The rule further proposes to harmonize and simplify requirements by adopting the structure of a “Master List”, as conceptually introduced under the prior authorization process, to also apply in the context of face-to-face encounter and written order prior to delivery requirements. The proposal would harmonize the three lists resulting from the former rules and develop one Master List of items potentially subject to prior authorization and/or the face-to-face encounter and written order prior to delivery requirement.  It would also update the prior authorization program to more nimbly adapt to changes in billing, and to likewise recognize and offer relief when specific suppliers demonstrate billing compliance.

CMS believes streamlining requirements would further the agency’s efforts to reduce waste, fraud, and abuse by promoting a better understanding of Medicare DMEPOS conditions of payment, which may result in increased compliance.

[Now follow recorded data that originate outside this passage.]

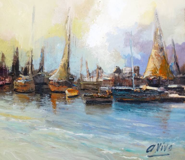 "Painting the sea and sky provides me with the perfect excuse to express myself in my love of color and bold strokes. The abstract aspect of my paintings enables me to experiment and get lost in the imagery it evokes, while allowing the viewer to interpret the work through their own feelings and emotions. There is nothing shy about the sea nor in my work!", says the artist. Having honed his craft for more than 30 years, Vivo's body of work encompasses various themes, from realistic and semi-abstract landscapes, seascapes and beaches, to abstract human forms and shapes. His preferred technique is oil on canvas or board using palette knives and brushes, with bold strokes and colors. For many years, he held the position of Director of The Painters & Sculptors Association of Uruguay. Vivo currently heads his own atelier, located in Montevideo, where he teaches art and exhibits his paintings. His work is included in private and corporate collections worldwide. He has been awarded several prizes at art contests for paintings, drawings and installations. He has illustrated books and book covers.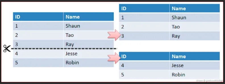 데이터베이스를 분할하는 방법으로는 크게 파티셔닝(Partitioning)과 샤딩(Sharding)이 있다.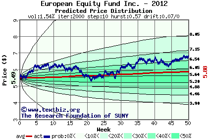 The high to date and low to date prices of the stock plotted against a random walk model for 2012 (what's this?).

Request for Information for Sources of Market-Based Data Measuring Sales of Diabetic Testing Strips to Medicare Beneficiaries (Section 50414 of the Bipartisan Budget Act of 2018)

The Bipartisan Budget Act of 2018 (BBA) was enacted on February 9, 2018, and section 50414 of the BBA amended section 1847(b)(10)(A) of the Act to establish additional rules for the national mail order DMEPOS Competitive Bidding Program (CBP) for diabetic testing supplies. Section 1847(b)(10)(A) of the Act now requires that for bids to furnish diabetic testing strips on or after January 1, 2019, the volume for such products be determined by the Secretary through the use of multiple sources of data (from mail order and non-mail order Medicare markets), including market-based data measuring sales of diabetic testing strip products that are not exclusively sold by a single retailer from such markets.

The Office of Inspector General (OIG) reports to CMS the Medicare Part B market share of mail order diabetic test strips before each round of the Medicare national mail order CBP, and pursuant to section 1847(b)(10)(A) of the Act, the OIG will now report on the non-mail order diabetic test strip Medicare Part B market. Because section 1847(b)(10)(A) of the Act now requires the use of “multiple sources of data,” CMS is requesting public comments on other potential sources of data (sources other than the Office of Inspector General), that fulfill the data requirements set forth in section 1847(b)(10)(A) of the Act.  CMS is requesting comments on other potential sources of data because the word “multiple” in the phrase “multiple sources of data” could mean that we should use more than one source of data, and that the OIG is one source of data.  Therefore, CMS is requesting comments from the public on other potential sources of data through this request for information.

DMEPOS CBP CHOW Process

CMS is proposing to no longer require contract suppliers to notify CMS 60 days in advance of a CHOW. We are proposing this change as we believe it is not always necessary or possible to be notified 60 days in advance of a CHOW. Instead, we are requiring notification no later than 10 days after the effective date of the CHOW. Additionally, we are proposing to remove the distinction of a “new entity” in its entirety, and retain the successor entity requirements as we are aligning the CHOW requirements for all entities, regardless of whether a “new” entity is formed as a result of the CHOW.